История автопортрета особенно важна для нашей темы. Его появление требовало как материальных (в виде хороших зеркал, которые в средневековой Европе появляются только в XIII веке; стеклянные зеркала были еще в Риме, но потом исчезли), так и социально-психологических предпосылок. Чтобы написать собственное изображение, художник должен был обладать не только развитым общим самосознанием, но и сознанием социальной ценности своей личности, достойной увековечения. Мастера Возрождения (Филиппе Липпи, Гирландайо, Боттичелли, Филиппино Липпи, Перуджино, Пинтуриккио, Рафаэль, Леонардо, Микеланджело, Мемлинг, Дюрер и другие) часто изображали себя в виде персонажей своих картин. Однако, как пишет Э. Бенкард, ни композиционно, ни психологически образ художника не занимал в этих картинах центрального положения, а его трактовка не отличалась от трактовки других персонажей. Во второй половине XV века появились первые самостоятельные автопортреты. Очень интересен, например, автопортрет мальчика Дюрера с его позднейшей надписью: "Таким я нарисовал себя по зеркалу в 1484 году, когда я был еще ребенком". Однако ни психологически, ни художественно автопортреты художника не отличались от его портретной живописи: воспринимая себя по нормам своей культуры, художник фиксировал в себе те же самые качества, которые казались ему существенными у его современников. Придворный художник и себя рисовал в обличье придворного, певец бюргерских добродетелей подчеркивал их и в себе и т. д. Соответственно варьировалась и степень психологизма. Характерно, что величайший мастер психологического портрета XVII века Рембрандт оставил также самую большую в истории живописи (около ста) серию автопортретов, как будто он хотел запечатлеть каждый момент своей биографии.

Тот же процесс индивидуализации, постепенного выделения "я" из безлично-социальных характеристик виден и в истории автобиографии в собственном смысле слова.

Немногочисленные сочинения автобиографического типа, оставленные европейским средневековьем - исповеди, различные самооправдания, и т. д. - выглядят довольно безличными. Георг Миш, изучивший важнейшие средневековые автобиографии, констатирует "несобранность" личности средневекового человека, который видел в себе не автономную индивидуальность, реализующую свой внутренний мир, а воплощение общей категории, описываемой посредством определенного набора штампов.

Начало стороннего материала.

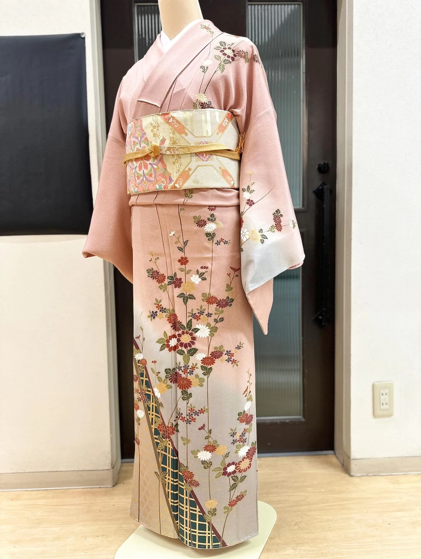 レンタル訪問着【S-4】ピンク 菊に格子柄
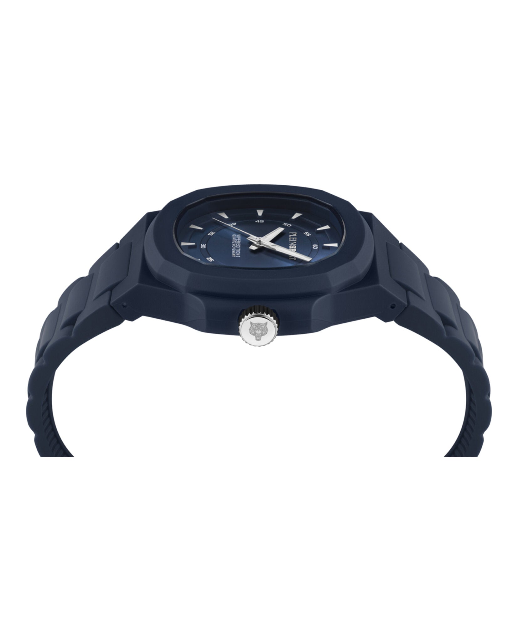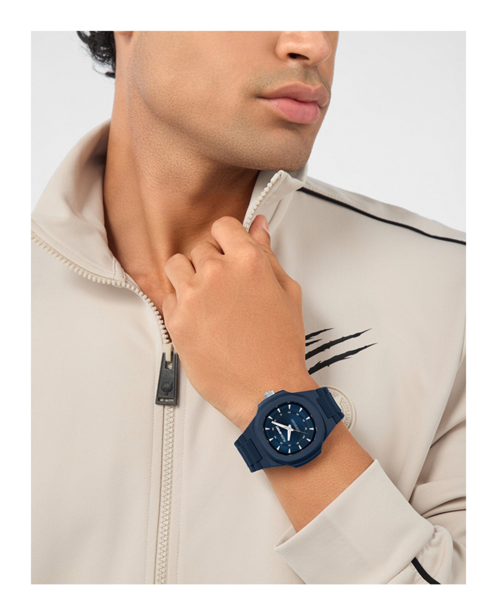Elevate your athletic style with the Plein Sport Viper I Silicone Watch, a bold timepiece that combines sporty functionality with contemporary design. This striking watch features a 42mm blue silicone case paired with a matching blue silicone strap, creating a cohesive and eye-catching look.
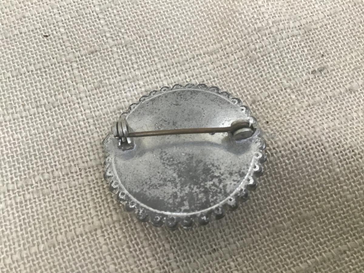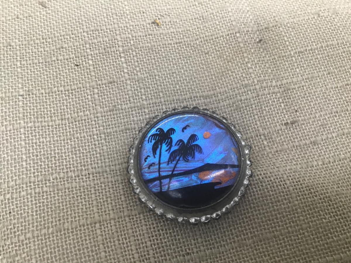 Antique Round Silver Morpho Butterfly Wing Brooch w/ Palm Tree Silhouette Scene
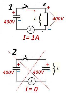 Вот смотри. Если заряженный конденсатор подключить резистору, то вначале на резисторе тоже будет 400вольт. Потом разрядится естественно. Я думаю что, тут ты не скажешь что этот 400вольт принадлежит резистору и в цепи не будет тока. Именно так происходит и в КК. А ты хочешь подсунуть нам свой, неверный вариант, (рис.2) где обе элементы, и L, и C является источником одновременно и ток в цепи =0
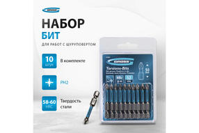Набор торсионных бит PH2 x 50 мм Gross 11493, 10 шт., предназначен для монтажа и демонтажа резьбовых соединений с помощью ударного шуруповерта. Он незаменим в строительных, слесарных и монтажных работах, в автосервисах, при проведении ремонта в доме. Торсионная зона способна пружинить, за счет чего она частично амортизирует тангенциальный удар от шуруповерта. Такое решение позволяет равномерно распределить нагрузку по бите и избежать поломки шлица. 129,00 ₽ / шт
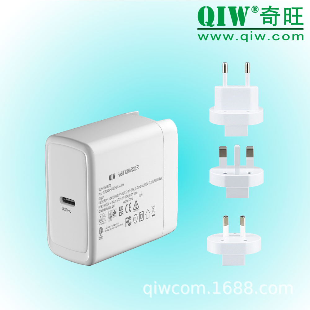 QIW 美规/欧规/英规/澳规/中规/韩规 65W 可换插头PD充电器氮化镓
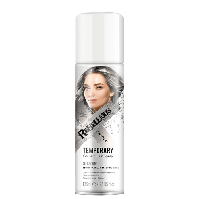 Rebellious Colour Temporary Colour Hair Spray Silver е спрей в сребрист цвят, с който лесно може да създадете малки цветни кичури или да оцветите цялата коса. Той има фиксиращ ефект, като не утежнява косата. Идеален е за постигане на креативна и цветна визия. Подходящ е както за специални събития и партита, така и за моментите, когато искате да добавите малко цвят към ежедневния си стайлинг. Нанася се лесно и издържа до следващото измиване.
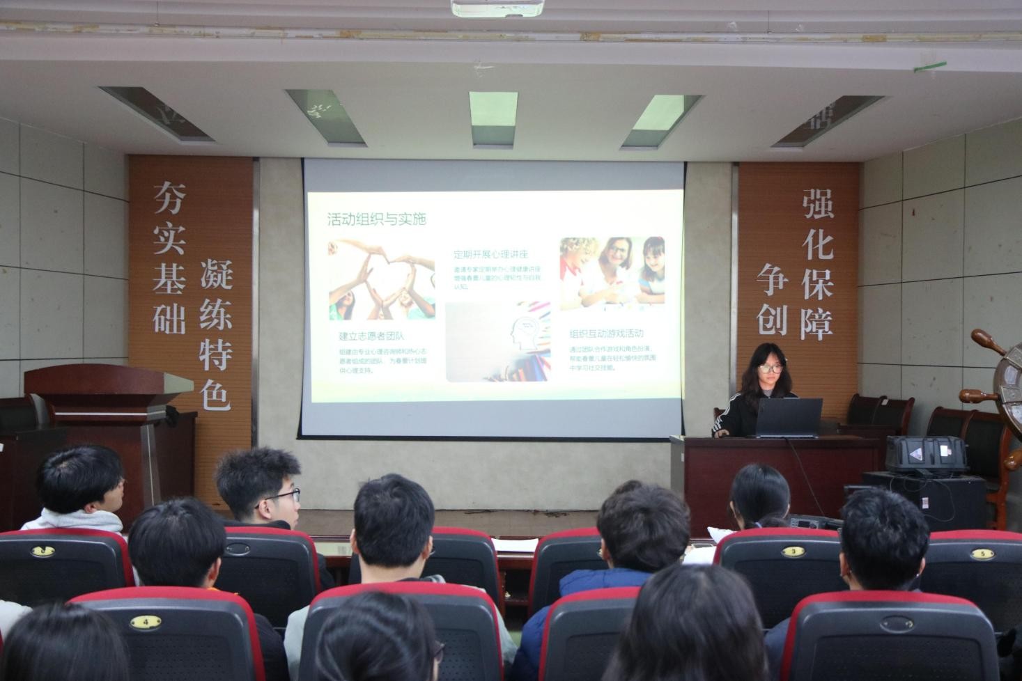 “关爱‘春蕾’,陪伴成长”主题团课在J2-104开班,作为该系列主题团课的第四讲,此次课程的主题是“心护春蕾·语润心田”,由“护蕾”志愿者王秀子主讲,全体学生会成员参加。

В XVI веке автобиография усложняется. Жизнеописания Бенвенуто Челлини, Джероламо Кардано, Томаса Платтера и его сына Феликса целиком посвящены личностям своих авторов. В отличие от средневековых хроник эти автобиографии индивидуальны, полны ярких бытовых и иных подробностей, иногда (например, у Челлини) весьма темпераментны. Но повесть о событиях, в которых участвовали авторы, в большинстве случаев довлеет над самоанализом. Рассказ о своей жизни и размышления о себе (как у Монтеня) очень редко сливаются. Автор (например, Кардано) может подробно, с мельчайшими деталями описывать свою внешность, походку, болезни, вкусы, даже фантазии, но он не ставит цель проследить становление собственной личности. Ситуации меняются, герой остается тем же самым. Потребность самоутверждения, часто подкрепленная верой в свое призвание и даже мистическую предопределенность всего хода своей жизни, для этого человека так же типична, как для средневекового клирика - самоуничижение. Но он еще не воспринимает свое "я" как внутренне дифференцированную, противоречивую и меняющуюся систему. В этом его "цельность", но одновременно и "простота".

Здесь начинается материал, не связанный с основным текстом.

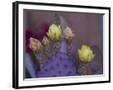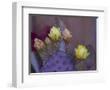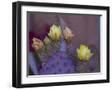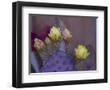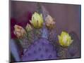 Usa, Arizona, Tucson. Yellow and pink flowers on purple Prickly Pear Cactus.
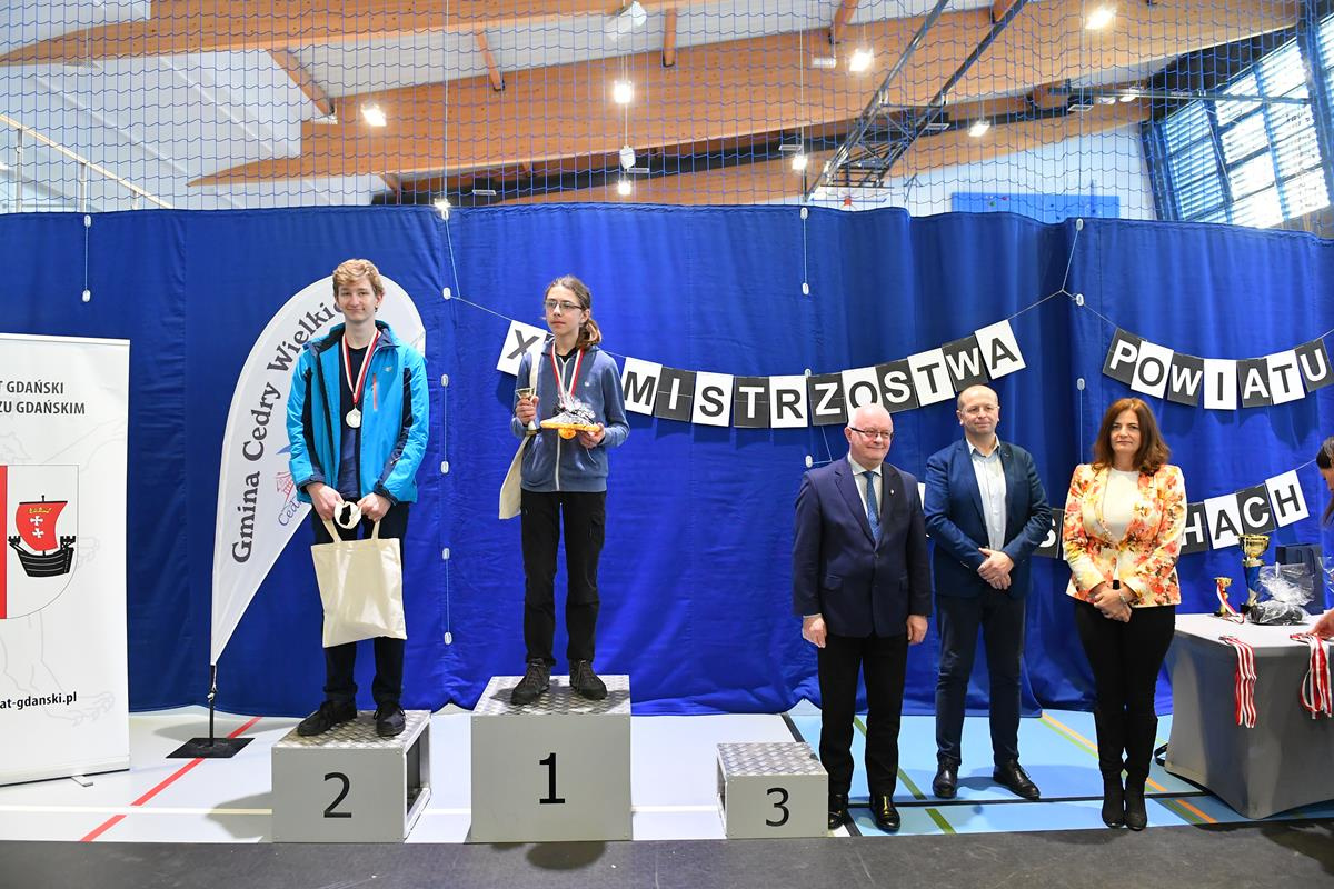 - Gospodarzom powiatowych mistrzostw dziękuję za wspaniałe przygotowanie zawodów. Nie pierwszy raz przekonaliśmy się, że Cedry Wielkie mogą być miejscem imprez na najwyższym poziomie. Cieszę się też, że królewska gra, jaką są szachy ma jeszcze liczne grono fanów. Najlepszym gratuluję i życzę kolejnych sukcesów – życzy Marian Cichon, starosta gdański, który wspólnie z Justyną Słowińską – przewodniczącą Rady Gminy Cedry Wielkie i Piotrem Jaśniewskim – zastępcą wójta, wręczał medale najlepszym.

XVII век с лихвой восполнил этот недостаток рефлексии. Любимым жанром становятся литературные "портреты", "характеры", мемуары, письма. Немецкий историк Норберт Элиас объясняет этот рост "психологизма" прежде всего особенностями придворной жизни, побуждающей ее участников (а именно представители господствующего класса задают тон в культуре) внимательно наблюдать за поведением других (а также и за своим собственным), ничего не принимая за чистую монету. Для средневекового человека ритуал и жизнь были тождественны. Теперь придворный ритуал воспринимается как условность, игра. Ирония и скепсис относительно человеческой природы, столь тонко выраженные Ларошфуко или Лабрюйером, отчасти подсказаны именно опытом придворной жизни. Но от констатации игровых моментов поведения и от рефлексии по поводу своего положения в обществе человек неминуемо приходит к вопросу о природе своего "подлинного я".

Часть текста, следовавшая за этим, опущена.